As well, I'm interested in the South East of Turkey, a mostly Kurdish area, which has been very unsettled for many years. I would like to go to the province of Hakkari...to see the point where Iraq, Iran and Turkey meet. I have this desire to at least see the Iraq border. I'd love to go to Iraq, and I know that it is possible, but, I don't know if I'm that adventorous yet. A friend of mine was there during the recent elections as an observer representing the UN. I think she has the best job on the planet. She gets to see Obama in Istanbul. Damn her.
I'm also thinking about Diyarbikar or Van, maybe Mardin. There is just so much to see here in Turkey, and I wonder how I can see it all! I know that isn't realistic or possible, but, I can try. But, even beyond Turkey's borders...Georgia, Iran, Armenia, Syria, Bulgaria, Greece...all within close range, all interesting places, all places I either want to go, or see more of. So, I just have to do it. I have to pick my next destination and go. Maybe I should go to Kars and see how I would get into either Iran or Georgia? Who knows. Or, maybe I should just jump on the bus and head to Sofia. Or, maybe I should do something completely different. Maybe I should just go to the otogar and get on the first bus I can get on going...somewhere...and see where I end up. I like just rambling along, not really having a destination, or even knowing where I am for that matter.
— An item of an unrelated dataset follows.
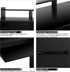 Wenn Sie einen Tisch zum Arbeiten oder Lernen brauchen, dann ist dieser Computertisch aus Spanplatten, in schlichtem Stil, genau das Richtige für Sie. Er zeichnet sich durch sein Kompaktes Design aus, wobei er gleichzeitig Raum für alle Dinge bietet, die Sie brauchen, um Ihre Aufgaben und Projekte zu vollenden. Die Oberfläche des Computertisches ist schwarz und glatt, mit zwei Regalen darauf, in denen Sie Bücher und Pflanzen platzieren können. Unter dem Tisch befindet sich eine herausziehbare Tastaturablage, welche sie für Tastatur und Maus verwenden können. An der rechten Seite des Tisches ist ebenfalls eine Schublade angebracht, in der Sie Bürobedarf und nützliches Zubehör lagern können. Außerdem sind unter dem Tisch ebenfalls noch zusätzliche Bücherregale vorhanden, in denen Sie größere Sachbücher, Drucker oder einen Stand-PC verstauen können.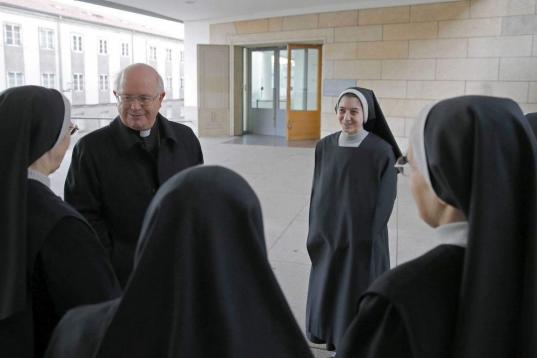 El arzobispo de Santiago, Julián Barrio, habla con grupo de religiosas antes de votar a primera hora para las elecciones gallegas.

Oh, I appear to be in luck! I have found out how to get from Kars into Georgia. http://www.seat61.com/Turkey2.htm#Eastern%20Turkey Mind you, it doesn't seem to be on a train, and it does seem to be a bit of a logistical challenge, but, it looks pretty interesting. The temperatures are still a little cool in that area though for sleeping outdoors...maybe I'll have to wait a month or so to do that run. And, if I do that, I have to find out something about Georgia. I know very little about it. But, it seems like a good idea to go there....no?
Well, we will see where I end up. Tomorrow, a friend of ours is driving to a town not far from Ankara, near the ancient Phrygian capital, Gordion. Who are the Phrygians, you might ask? Good question. I'll find out the answer tomorrow. This place is, supposedly, where King Midas was buried...and where Alexandar the Great slashed the Gordion knot, which was a good thing, apparently, at least for him. I really must find out more.
Tuesday, March 31, 2009
On a related note, I always thought the best name for a wiener dog would be Bratwurst.
Monday, March 30, 2009
But, not right now...
Sunday, March 29, 2009
Now, if you will excuse me, I have a diaper to change, and I don't like the smell of this one!